Miva Open University
- Type: Online Private
- Established: 2023; 3 years ago
- Chancellor: Sim Shagaya
- Vice-Chancellor: Prof. Tayo Arulogun
- Location: Abuja, Nigeria
- Website: miva.edu.ng

= Miva Open University =

Online university

Miva Open University is a private online university in Nigeria that was established by uLesson in 2023, with its primary campus in Abuja.

==History==
Miva Open University was initially established on 10 March 2023 by The uLesson Group, a Nigeria edtech company operating in four other West African countries. On 15 May 2023, Miva received its license from the NUC, and the university became a registered entity of the National Universities Commission, as a springboard for distance learning in Nigeria. On 25 May 2023, the university began admission and offered eight disciplines from two faculties.

The university runs various courses under schools/faculties such as Computer Science, Cyber Security, Data Science, Software Engineering, Public Health, Nursing Science, Accounting, Economics, Entrepreneurship, Information Technology, Criminology & Security Studies, Mass Communication, Business Management, and Public Policy and Administration.

Miva also launched its Master of Business Administration (MBA) programme on the 2nd of April, 2024 and its Master of Public Administration on the 7th of October 2024.
On the 7th of February 2025, the National Universities Commission (NUC) approved two new postgraduate programmes - Master of Public Health (MPH) and Master of Information Technology (MIT) to be offered by Miva Open University from the 2024/2025 academic session.

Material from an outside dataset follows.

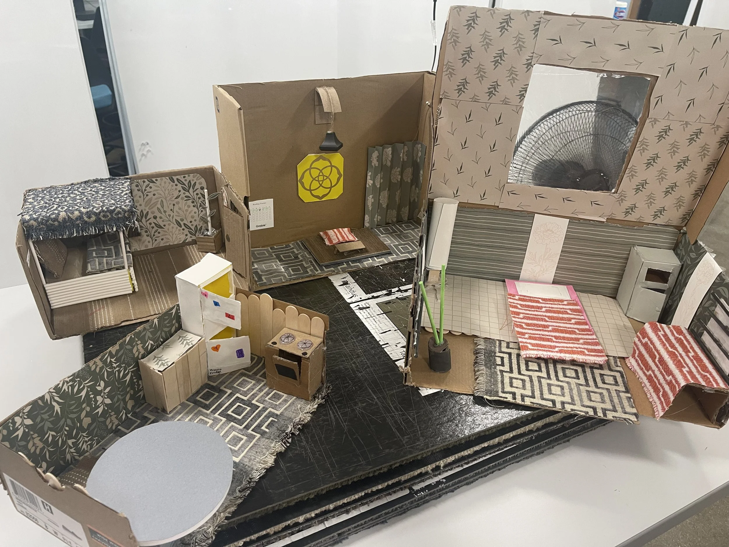 Illinois State University’s Family and Consumer Sciences department led a local summer camp for 30 middle schoolers, offering courses in fashion, interior design, human development, and culinary. Myself and one other student led the fashion and interior design sessions. For the fashion project, students created bucket hats that represented their own identity, inspired by the symbolism that is used in traditional Korean headwear. The interior design project focused on applying Korean interior design principles to build a shoebox diorama. Students were given the choice to design a bedroom, a living room, or a kitchen. The focus when creating the curriculum for this camp was to make sure that we were respectful and understanding the difference between cultural appreciation and appropriation.

In April, 2026, Miva Open University received full accreditation from the National Universities Commission (NUC) for twelve of its programmes. Miva Open University also expanded its academic offerings with the introduction of new undergraduate and postgraduate programmes.

The new undergraduate programmes include Artificial Intelligence, Community Health Science, Environmental Health Science, Early Childhood Education, and Primary Education.

The new postgraduate programmes include Master of Criminology and Security Management, Master of Supply Chain Management, Master of International and Sustainable Development, and the Doctor of Business Administration.